最低限スマホ1台で可能。本格的にやるならコンデンサーマイク(数千円〜)、リングライト(数千円〜)、配信用照明と背景を準備。機材費数万円から始められ、参入障壁は極めて低いのが魅力です。
ライバーで生計を立てるのは現実的?
月20〜30万円の収入なら頑張って1年以内に到達可能、月100万円以上は上位1〜5%の世界。芸能人になるのと同じ難易度の業界で、運・実力・継続の全てが揃わないと専業は厳しいです。
事務所に所属すべき?個人活動が良い?
初心者は事務所所属がおすすめ。配信ノウハウ・イベント情報・確定申告サポート等のメリットが大きい。慣れて月収数十万円規模になれば、独立して全収益を受け取る選択肢が有力に。
顔出しが嫌だけどライバーになれる?
Vライバー(バーチャルライバー)なら可能。IRIAM・REALITYなどはイラストやアバターで配信でき、顔出しせずに活動可能。声と話術が勝負になるため、ある意味顔出しより難しい面もあります。
どのプラットフォームから始めるべき?
初心者にはPocochaが時間報酬で稼ぎやすい。17LIVEはトップ層がしっかり稼げる夢の大きい場、IRIAM/REALITYは Vライバーで気軽に始められる。試しながら自分に合うものを選ぶのが現実的です。
企業がライバーを起用するメリットは?
①リアルタイムの双方向コミュニケーションで商品理解促進、②熱量の高い固定ファン層へのダイレクトリーチ、③配信中の質疑応答で消費者ニーズを直接把握、など。コスメ・食品・ファッション系の企業案件が中心です。
ライバー業界の今後はどうなる?
①Vライバーの伸び(顔出しなし参入増加)、②TikTok LIVE のシェア拡大、③AI ライバー登場、④「副業ライバー」の一般化、が主なトレンド。市場全体の規模は2030年に向けてさらに2〜3倍に成長予測。
✏️ MGK編集部より
私たち MGK は代表自身がライブチャット代理店出身(業界15年)で、ライブ配信ビジネスの内側を肌で知っています。実感として、ライバー業界は「夢のような世界」と「過酷な労働環境」の両極端が同居する独特の産業。月収1000万円のトップライバーが脚光を浴びる一方で、毎日数時間配信しても月数万円という人が大多数。「ライブ配信は副業として始め、生活できる規模になったら独立を検討する」のが現実的な進め方です。
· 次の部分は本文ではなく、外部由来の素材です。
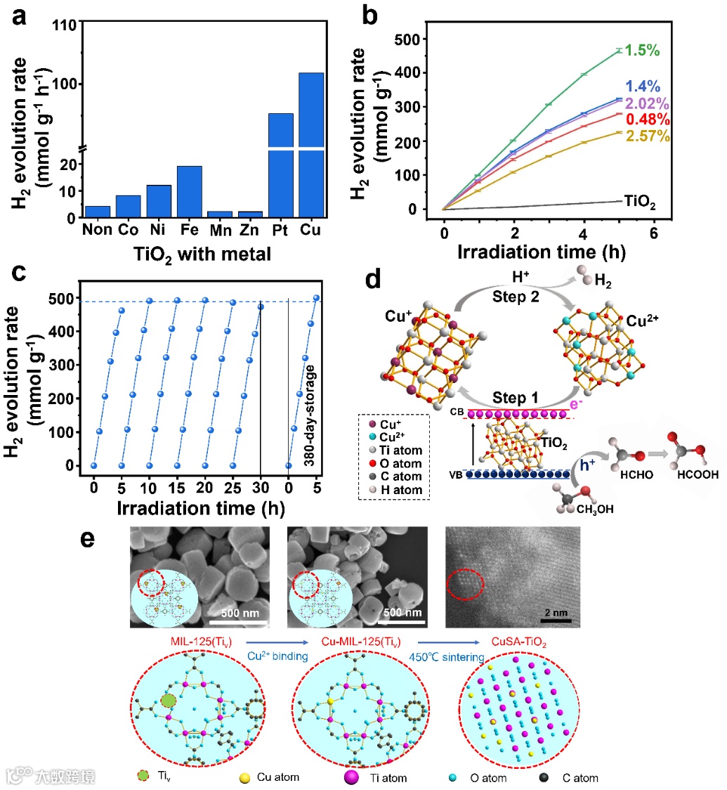 图2 (a)纯TiO2以及不同金属单原子负载TiO2的产氢率;(b)不同负载量的CuSA-TiO2 5小时的产氢量;(c)1.5% CuSA-TiO2产氢的循环稳定性和长期稳定性;(d)1.5% CuSA-TiO2的产氢机理示意图

企業がライバーを起用する観点では、「中堅ライバー」が実は最も費用対効果が高いケースが多い。トップライバーは案件単価が高すぎ、新人ライバーは影響力が小さすぎる。月収数十万円規模の「コアファンと深い関係を築いている中堅」が、商品紹介の説得力・拡散効果のバランスが最良。中小企業のマーケで活用するなら、フォロワー数より「コメント返信の丁寧さ・ファンエンゲージメントの質」を選定基準にすることをお勧めします。